Ask students, “Do you remember what it was like to catch the ruler. What was the first signal that you listened for to get your body ready to catch the ruler?” Students listened for when their partner said “one-two-three-go.”

Tell students, “First, your mind and your hand got ready when you heard your partner start to count. What was the second thing that happened that told your body to catch the ruler?” Students watched for the ruler to start falling. As soon as it fell, they knew it was time to try to catch it.

Ask, “What did your body do so that you caught the ruler?” Students’ hands and fingers closed so that the ruler was pinched and could no longer fall.

Ask students, “How did you know when you caught the ruler and no longer had to reach for it?” Students could see that the ruler had been caught and could feel and see that the ruler was in their hand.

Next, ask students, “What parts of the body were used first in this trial?” The ears were used first to listen to the partner as he or she was counting.  The ears allowed students to hear their partner say, “Go.” Invite a student to write the word ears on the left side of the board.

Now ask, “After you heard the counting, what part of your body was used?” The students’ brains interpreted the sound of the counting and told the body to get ready for the ruler.  When the partner said, “Go,” the brain sent a signal to the hand telling it to close. Invite a student to write the word brain to the right of ears on the board. Students also may indicate that their eyes were used to see the ruler drop after hearing the counting.  If students make this suggestion, ask a student volunteer to write the word eyes under the word ears on the board. 

Ask the student volunteer to draw the path of the signal from the ears to the brain. This student can draw the path by using a piece of chalk or a marker to connect the parts of the body.

Next, walk through the process of how signals traveled in the body in Trial 1 using the diagram.  

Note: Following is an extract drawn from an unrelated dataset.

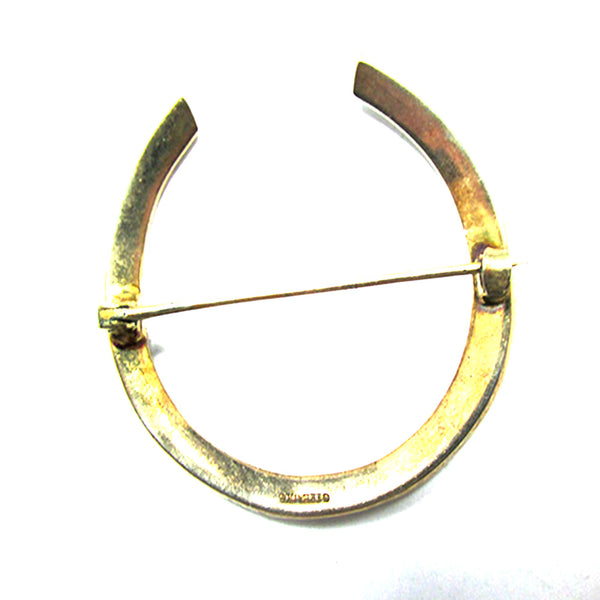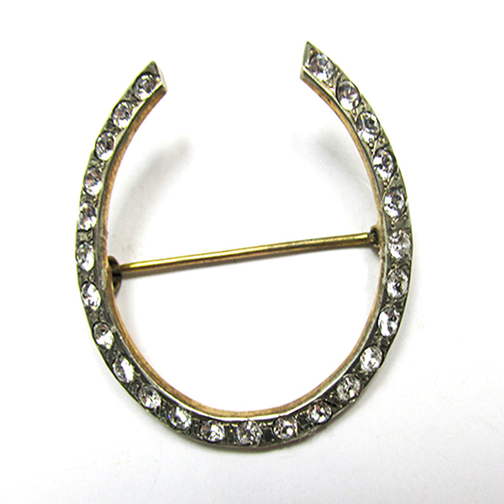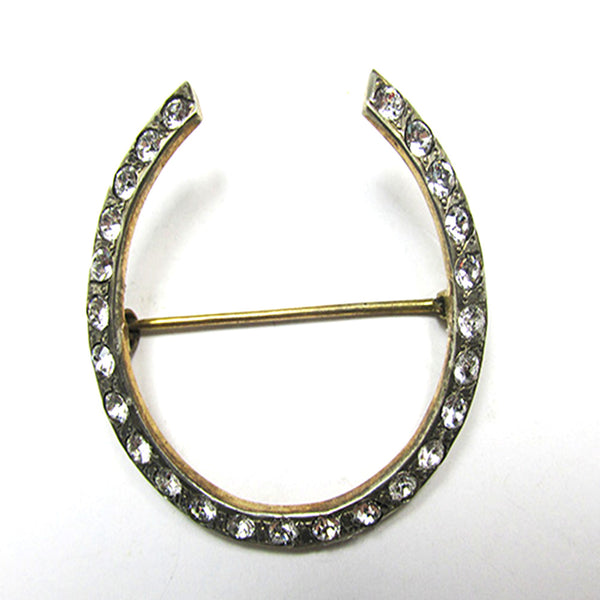 Vintage 1950s Sterling Vermeil and Clear Rhinestone Horse-Shoe Shaped Pin

• Your brain sent a signal telling you to catch the ruler. The brain sent a signal to the arm and the hands, telling the hand to close and catch the ruler.
• After you caught the ruler, the nerves in your hand sent a signal telling the body that the ruler had been caught. The nerves in the hand and the arm sent the signal to the spinal cord and back to the brain. 

Finally, ask students, “How did the signal move from the ears to the brain to the fingers and back to the brain?  What part of the body communicates this signal? The nerves transport the signal.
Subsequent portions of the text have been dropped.